Variational Problems, Stability and Dynamics

变分问题、稳定性和动力学

• 批准号: 1764254
• 负责人: Eric Carlen
• 金额: $ 27万
• 依托单位: Rutgers University New Brunswick
• 依托单位国家: 美国
• 项目类别: Continuing Grant
• 财政年份: 2018
• 资助国家: 美国
• 起止时间: 2018-06-01 至 2022-12-31
• 项目状态: 已结题
• 来源: https://www.nsf.gov/awardsearch/showAward?AWD_ID=1764254&HistoricalAwards=false
• 关键词: Variational; Problems; Stability; Dynamics

This research project is aimed at solving mathematical problems that are not only significant as mathematics, but that have been suggested by problems arising in physics, quantum information theory and biology.

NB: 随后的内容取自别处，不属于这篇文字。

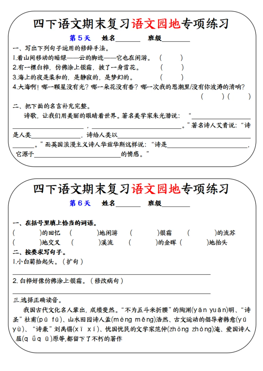 【免费下载】四年级(下)语文 期末复习语文园地专项练习训练 电子版
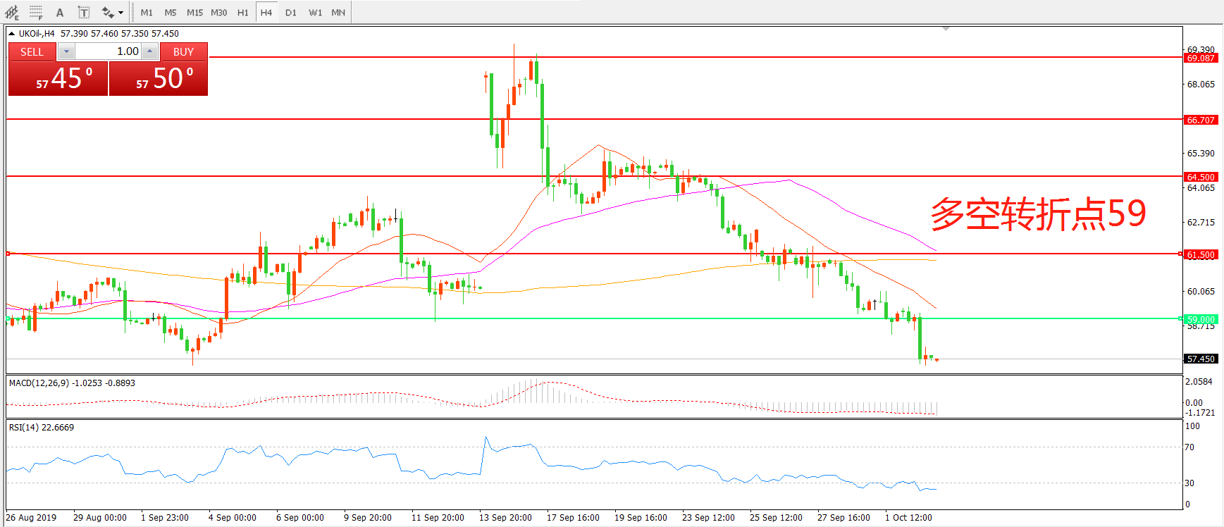 交易策略:在59.00之下看跌,目标57.00 55.00
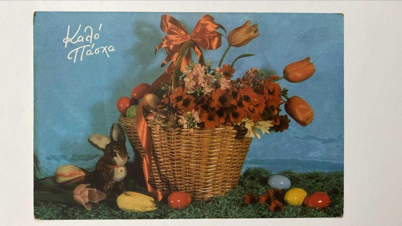 HEDİYE KARTPOSTALI - 15 x 10 cm EBADINDA - ARKASI YAZILI - YEŞİLLİKLERİN ARASINDA RENKLİ PASKALYA YUMURTALARI VE ÇİÇEKLERLE SÜSLÜ SEPET, 8 ay önce satışa sunulmuştur.

The analysis of the equations governing physical processes often requires a precise quantitative understanding of the relative sizes of various quantities involved in these processes, and this is provided by mathematical inequalities. An example familiar to the general public can be paraphrased as saying that ``entropy never decreases'' in physical processes; the inequality in question says that the entropy at a later time is at least as large as the entropy at an earlier time. For more specific physical systems one can say much more, and the search for a better understanding of physical processes, and the evolution equations that govern them, is in part a quest for new and more precise mathematical inequalities governing these processes. The connection between mathematical inequalities and physical processes runs both ways, so that in trying to prove such an inequality, one may try to relate it to a simple and well understood evolution equation. This area of research has been fruitful not only in producing results that are of interest to a wider scientific community, but also in engaging the interest of Ph.D. students. The intellectual merit of the research is that it will produce not only significant new mathematics, but results that are relevant to the physical sciences and engineering as well. This applicability in other fields guarantee a broad impact of the work, which is further enhanced by the involvement of students, contributing to training of the next generation of researchers.This award reflects NSF's statutory mission and has been deemed worthy of support through evaluation using the Foundation's intellectual merit and broader impacts review criteria.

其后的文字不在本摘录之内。